Suspected improper padding bit logic
Line 346 of encoder.py intends to extend the data stream buffer with padding bits if it does not meet a codeword boundary.
However, if length % 8 is 0, meaning that the length does indeed fall on the codeword boundary, then this implementation adds 8 padding bits, and it should not do so.
You can see the difference in final forms of the encoding of the string known via segno: segno.make("known", version=1, error='L', mode='byte', mask=0, boost_error=False) vs. the equivalent results from and . All three of these will be decoded to the same word, though.
I concur with this assessment. The line
buff.extend([0] * (8 - (length % 8)))
could be replaced by
buff.extend([0] * (-length % 8))
to get the correct behavior. Note that this works because the modulo operator in Python is defined to return a value with the same sign as its right-hand side, so there is no issue with applying x%8 to a negative number x.
Encoding a micro code with text "abc" only has empty padding and does not use the repeating pattern.

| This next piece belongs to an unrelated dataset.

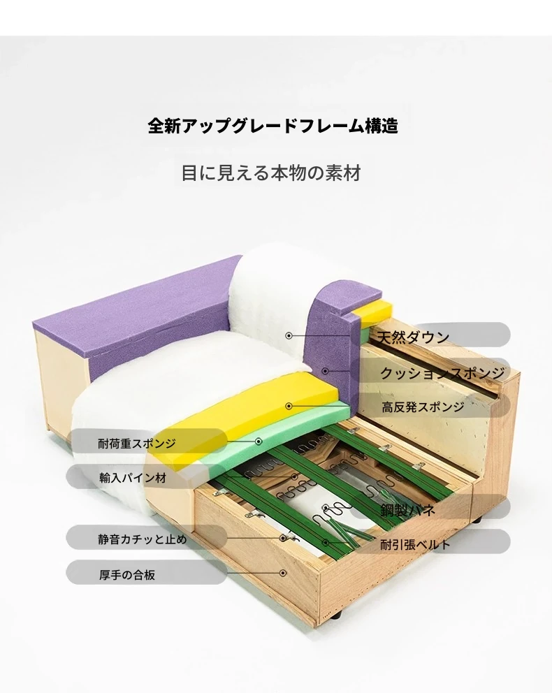 2.6メートル【柔軟エコレザー+天然羽毛+松のフレーム】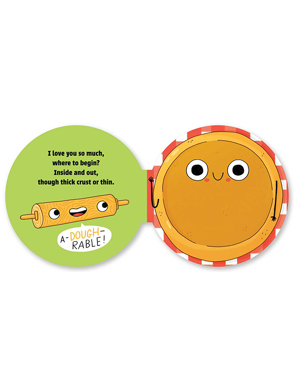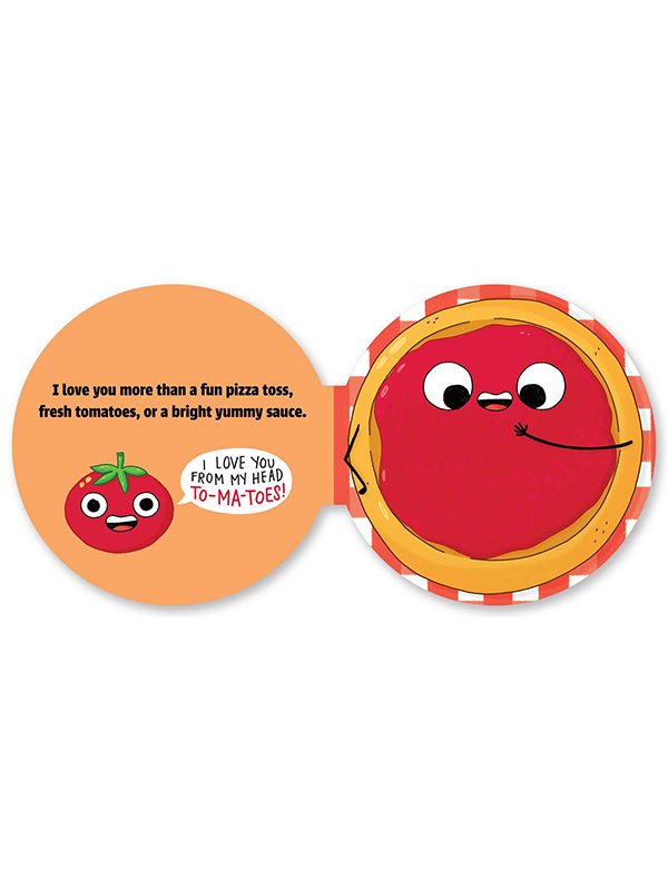 Kids will love this delicious board book, shaped like a pizza, in which love for them is expressed through favorite pizza toppings! Parents can show how mush-room in their heart they have in their heart for the little one, and how they pepper-only have eyes for them!

qr = segno.make('abc', micro=True)
This correctly follows this logic:
abcrequires byte characters, not numeric or alphanumeric- M3 is smallest version that allows byte characters
- M is chosen as the ECC mode as there is sufficient length to encode the data
However, the padding after the encoded bits are all zeros; the repeating pattern does not appear. According to spec, it should add a null terminator of 7 bits, then pad with zeros to the next codeword, then pad with the repeating pattern.
For reference, the terminator should be all zeros of the following lengths:
- 4 bits for non-micro codes
- 3 bits for M1
- 5 bits for M2
- 7 bits for M3
- 9 bits for M4
Also, for M1 and M3 codes, the final half-codeword should be all zeros and not contain the repeating pattern.